Now locking this is an important thing to think about. So locking what this means is the default which allows for as much currency as possible. And this means that when this index is being utilized are we locking the record. So, in other words, say that you have one user who goes and makes a change to one of the addresses and then almost simultaneously you have another user that runs a query on that.
So the first user goes and he changes the address from New York to Arizona. Another user almost at the same time runs a query to see how many users live in New York. Well if you don’t have locking in place then you’re going to run into an issue because you may have that second user run a query and the number may be off. That may not seem like a big deal but imagine if that same kind of thing would happen with an ATM and a bank transfer occurs and a user tries to pull out money. You could have a lot of kind of messy components going into that so locking is something usually you can just use the default locking scheme and you’d be perfectly fine. Almost always you’ll be able to be able to use these.

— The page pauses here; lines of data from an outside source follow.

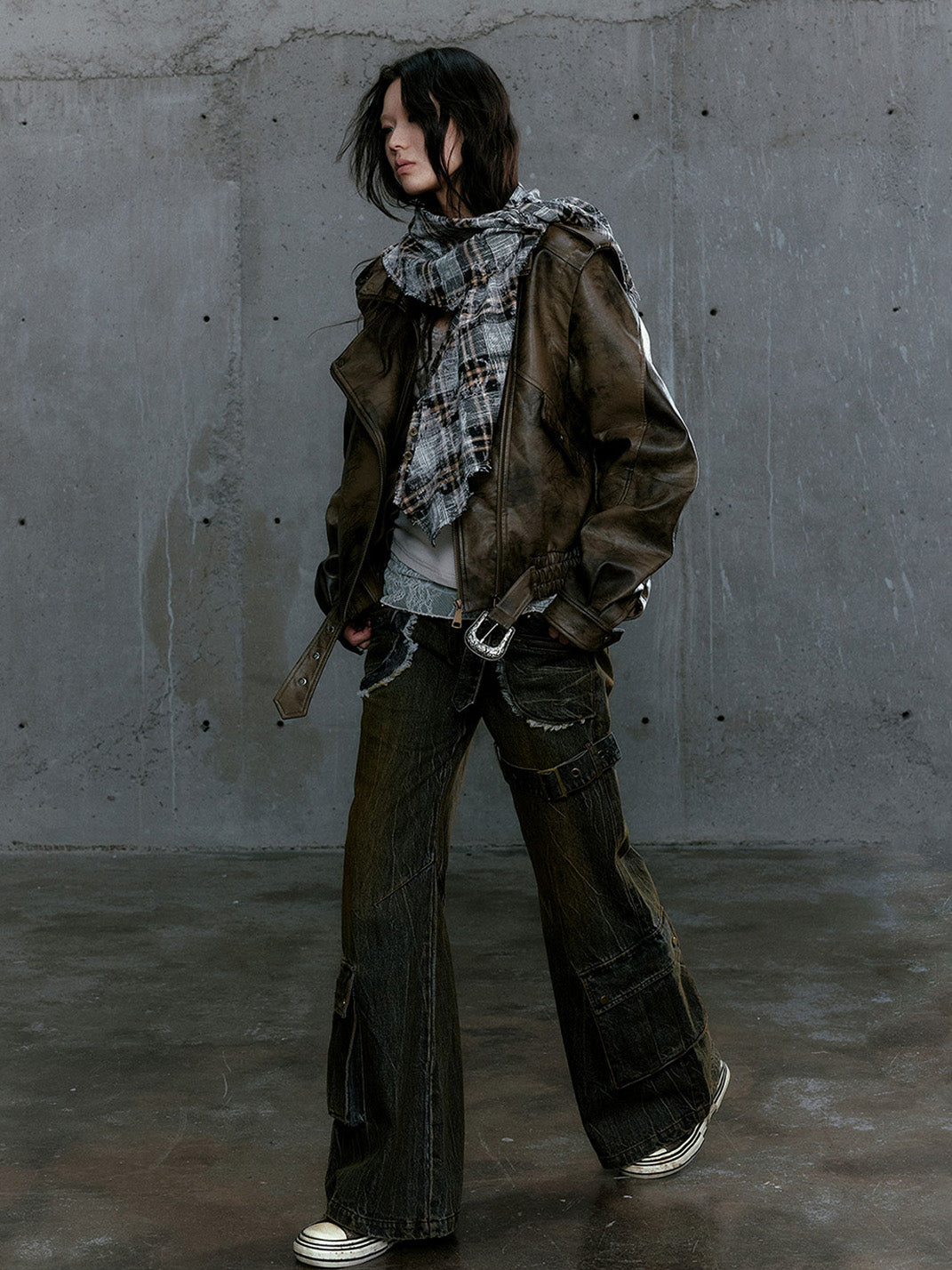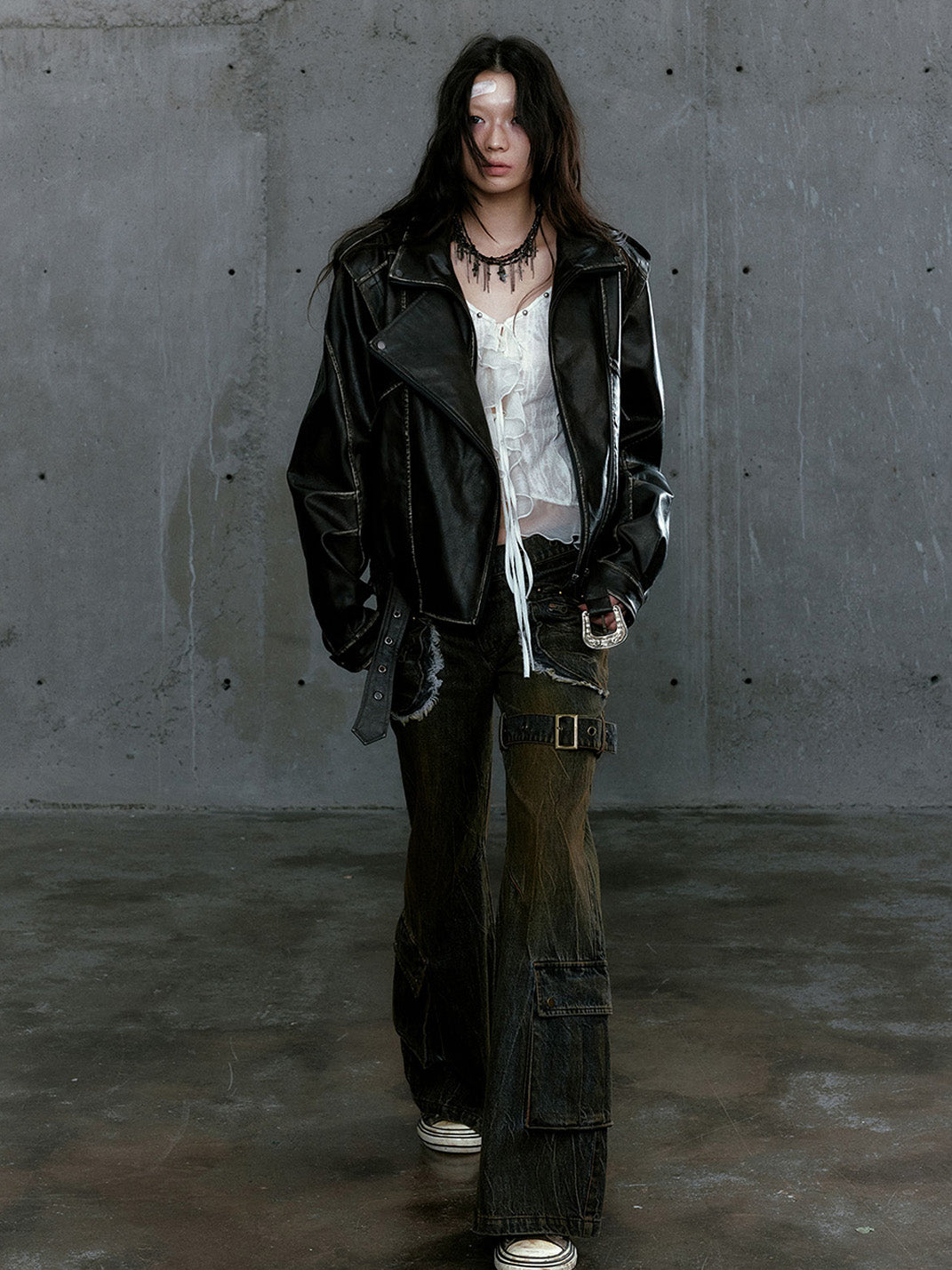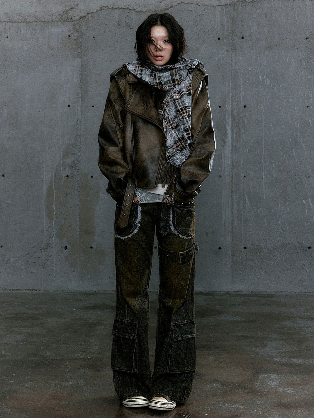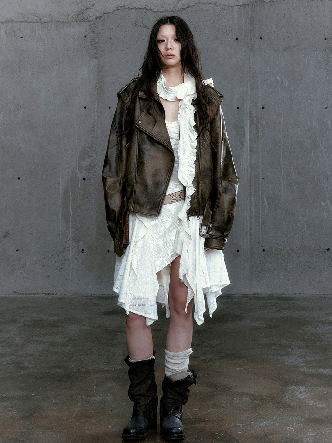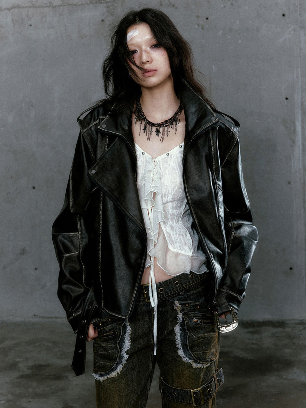 CestNous | Vintage Split Zipper Leather Biker Jacket
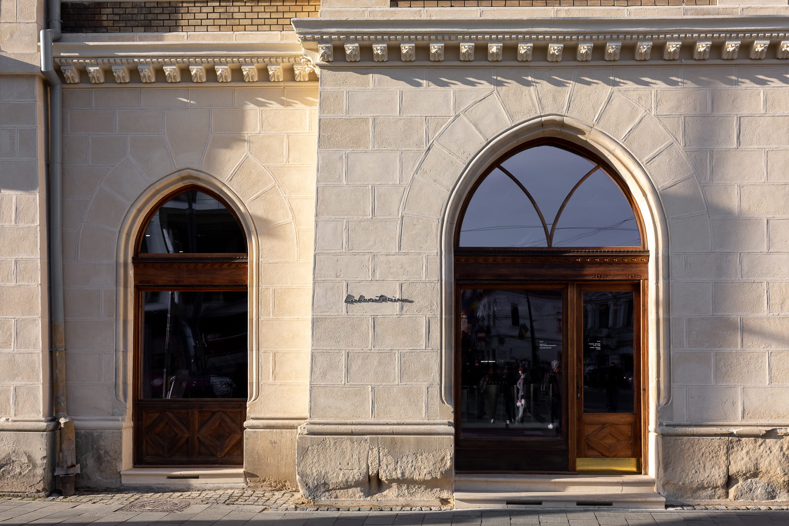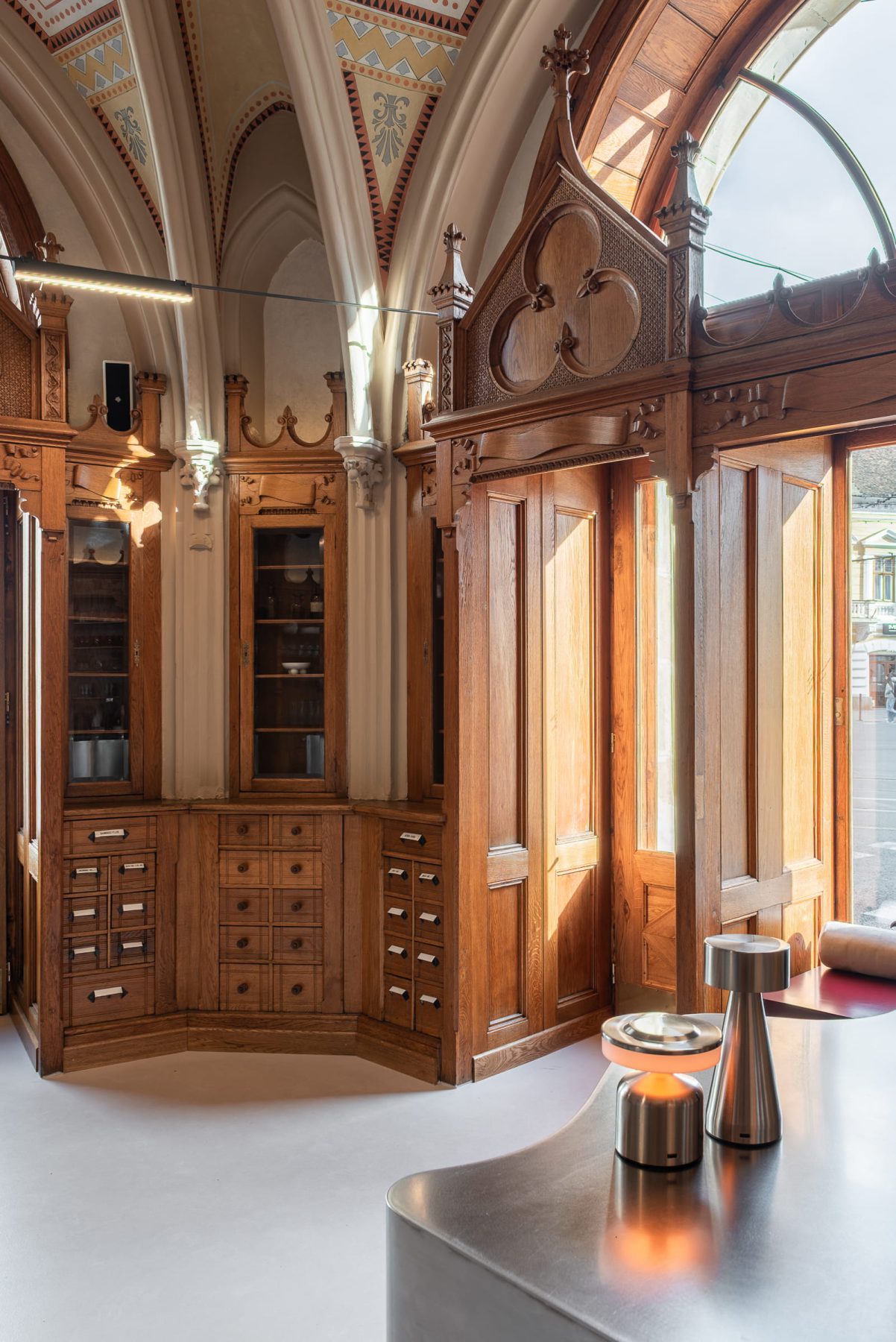 The space occupies the former Matia Corvin Pharmacy, located within Palatul Széki — one of four “report houses” erected at the end of the 19th century to mark the entrance to the city centre. Built in 1893 according to plans by architect Pecz Samu, known for the Central Market Hall in Budapest and his eclectic work incorporating Gothic detailing, the building embodies a restrained neo-Gothic language. Its original client, pharmacist, university professor, and entrepreneur Miklós Széki, resided in the apartment above the pharmacy, accessed via a spiral metal staircase, reinforcing the building’s mixed-use character from its inception.
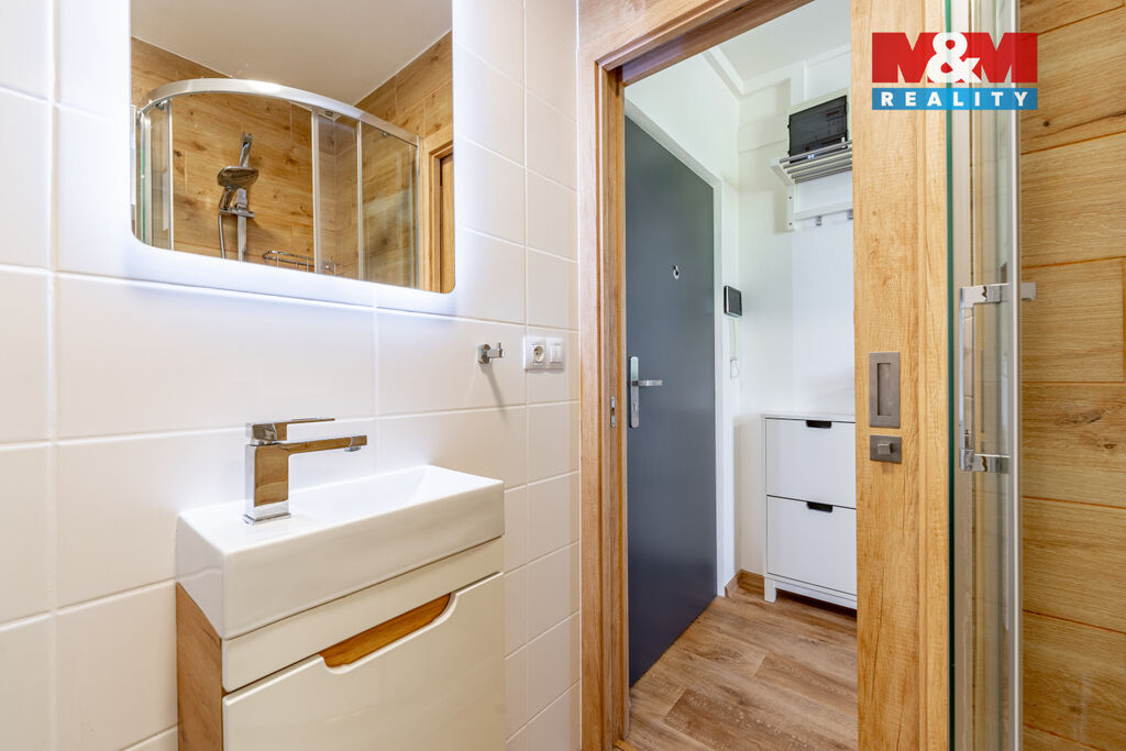 Byt je volný k nastěhování ihned a zůstane v něm k dispozici kuchyňská linka a vybavení koupelny.

Now, non-unique is what we’d have to go here. You also have the ability to do unique which would be a horrible idea for a postal code and then full text. Now full text is what you would do if you were building a search engine kind of feature here. I don’t think that that’s going to be an issue just the regular. All the defaults are perfectly fine. And then you can click Create and it will generate an index for you.
Now, this is one of the very first questions I get whenever I am teaching about indexes is “If indexes make it so much faster to be able to query data. Why wouldn’t we just want to index every single one of the columns?” And that if you’ve never worked with indexes that’s a perfectly normal question to ask. And the reason why you would not want to do that is because for every index you have every time that you make an insert or an update what happens is not only does it update the table it also has to go and then update every single one of the indexes you have.
So for just a few indexes on a table that’s not an issue but if say you had five columns and you went and you had to update all five of those columns that could lead to very slow right speed. If you’re updating a column if you’re adding a row or updating a row or adding a new one then you’re going to maybe run into some latency whenever you’re performing those type of tasks. The rule of thumb is whenever you want to have or whenever you have a column that gets searched very often. For example a postal code or some type of search index like an e-mail address or something like that. Those can be good for indexing obviously all your primary keys and your foreign keys. You want to index those regularly. And so that is you know that’s kind of the common pattern and a good rule of thumb.
Now that is the process by which you would create one. And so I hope this has been a good kind of walkthrough on indexes and how you can generate them why they’re important when to use them when not to use them and how you can have a high-level view of what they are in databases.